Number(a) + Number(b) // 👍 copy that
Apart from readability, Number(x) is identical to +x in every way.
Mistake 2: not checking for NaNs
Number conversions can fail, and when they fail, they return a NaN and NaNs are sticky, so this will return NaN despite valid numbers being present in the array:
[1, 2, 'blah'].reduce((a, b) => Number(a) + Number(b)) // 👎 =NaN
This will be better (in the context of summation, NaN can be considered 0):
[1, 2, 'blah'].reduce((a, b) => (Number(a) || 0) + (Number(b) || 0)) // 👍 =3
Mistake 3: not checking for empty values
Unfortunately, Number is broken in javascript. For "historical reasons" it returns 0 when given null or an empty string. For the summation function it doesn't matter, but it will bite you once you decide to use similar code for multiplication.
Mistake 4: reduce with no initial value
array.reduce(func) looks tempting, but unfortunately it doesn't work with empty arrays
[].reduce((a, b) => a + b) // 👎 TypeError: Reduce of empty array with no initial value
so consider the init mandatory:
[].reduce((a, b) => a + b, 0) // 👍 returns 0
Mistake 5: wrong iteration method
The choice between iteration methods (forEach/map/filter/reduce) is tough sometimes, but this simple set of rules should help in most cases:
use map to convert a number of things to the same number of other things
use filter to convert a number of things to a lesser number of the same things
use reduce to convert a number of things to one other thing
do not use forEach
For example, this:
result = [];
array.forEach(item => result.push(do_something(item))) // 👎
is an "antipattern" and should actually be map:
result = array.map(do_something) // 👍
Similarly, this
result = 0;
array.map(item => result = result + item)) // 👎
should be
result = array.reduce((res, item) => result + item, 0) // 👍
Putting it all together
Our assignment basically consists of three parts:
convert all elements in the array to numbers
remove those that couldn't be converted
sum the rest
For the first step we use map, then filter, then reduce:
let sumNumbers = a => a
.map (x => Number(x)) // convert to numbers
.filter (x => !Number.isNaN(x)) // remove NaN's
.reduce ((s, x) => s + x, 0) // sum
On a more advanced note, with a couple of helpers we can also write this "point-free", without arrow functions:
let not = fn => x => !fn(x);
let add = (x, y) => x + y;
let sumNumbers = a => a
.map(Number)
.filter(not(Number.isNaN))
.reduce(add, 0)
Use unary + operator to convert your strings to numbers:
const sumArrNums = arr => arr.reduce((sum, num) => sum + +num, 0)
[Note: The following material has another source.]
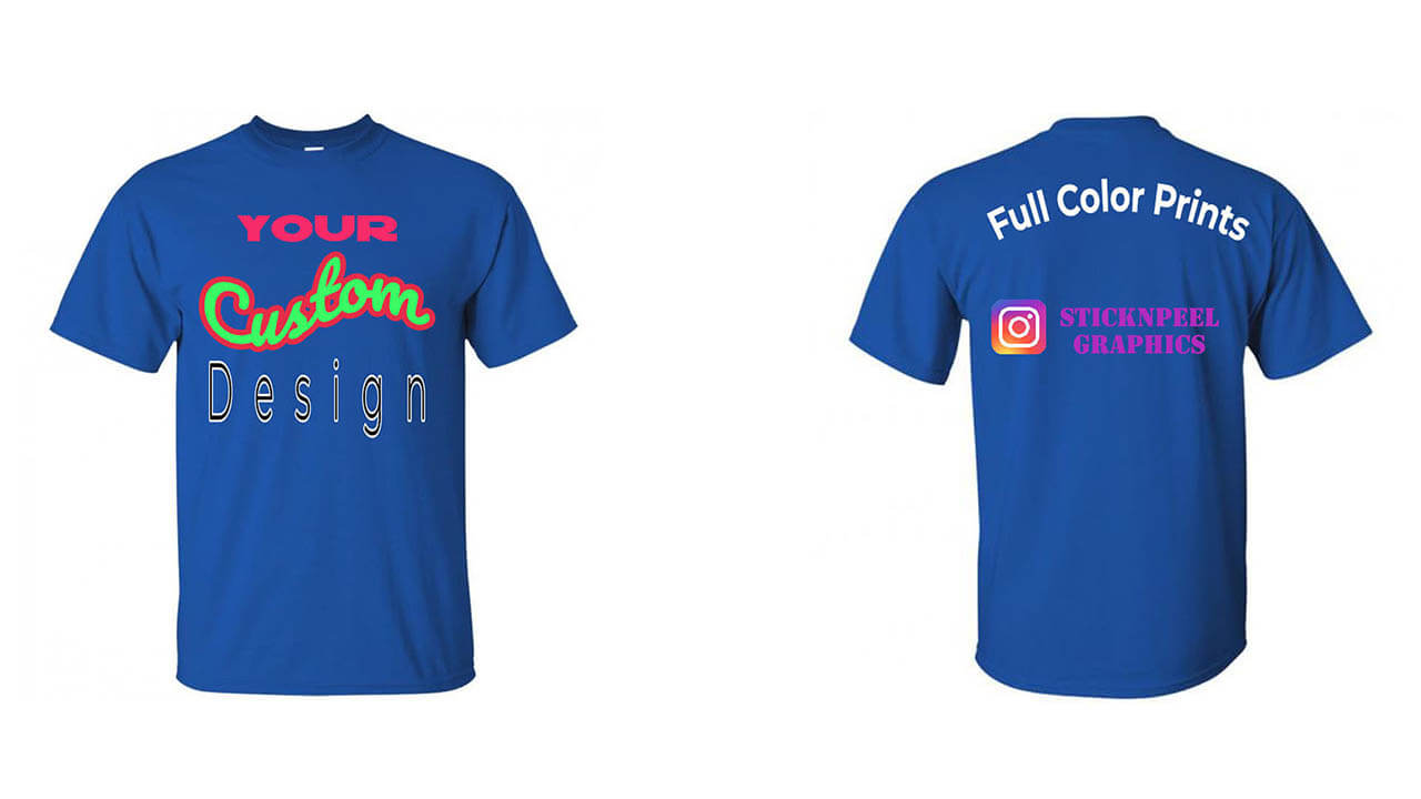 Put your favorite designs on a t-shirt! Our custom apparel is printed in-house. Get full-colored prints on t-shirts, hoodies, and more. With up to a 16" x 20" print area, we can print oversized prints, custom neck tags, sleeves, and more! We're your one stop shop for premium custom apparel printing. We're always adding more items to print on, so check back often!
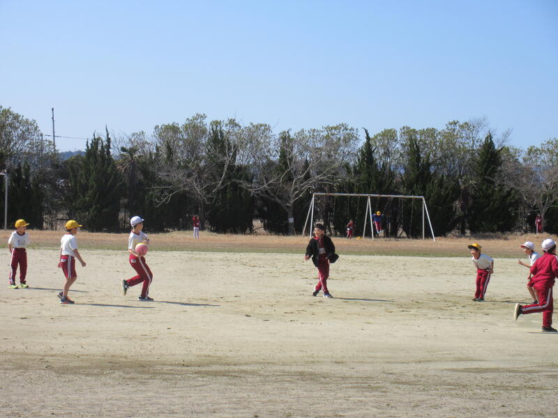 グローブは3つなので、ゲーム中全員が使うことができないのですが、一部の子どもがはめているだけでちょっと「野球」っぽい感じになっています。

console.log(sumArrNums(['1', '2', 5,5,5, '3']))
Your code is okay, you just need to ensure that you coerce the strings to number. There are lots of ways to do that, in your case you might use the unary +:
function sumArrNums(arr) {
let count = 0;
arr.forEach(el => {
count += +el;
})
return count;
}
console.log(sumArrNums(['1', '2', 5,5,5, '3']))
and yes, this is one of the few really solid use cases for reduce:
function sumArrNums(arr) {
// NOTE: Assumes at least one entry! More below...
return arr.reduce((a, b) => +a + +b);
}
console.log(sumArrNums(['1', '2', 5,5,5, '3']))
Note there we're coercing both arguments to the callback, since on the first call they'll be the first two entries in the array (after that, the first argument will be the previously returned value, a number, but using + on it is a no-op so it's fine).
That code assumes that arr will have at least one entry. If it doesn't, reduce will fail because if you don't provide an initial value for the accumulator and there aren't any elements in the array, it doesn't have any value to return. If you want to return 0, the simplest thing is to provide the initial value, which also means you don't have to apply + to the accumulator:
function sumArrNums(arr) {
return arr.reduce((acc, value) => acc + +value, 0);
}
console.log(sumArrNums(['1', '2', 5,5,5, '3']))
If you want to return something else (like NaN) for the case where the array has no entries, you probably want to branch:
function sumArrNums(arr) {
return !arr.length ? NaN : arr.reduce((a, b) => +a + +b);
}
console.log(sumArrNums(['1', '2', 5,5,5, '3']))
Related
I am trying to solve a problem on leetCode:
Given an unsorted integer array nums, return the smallest missing positive integer.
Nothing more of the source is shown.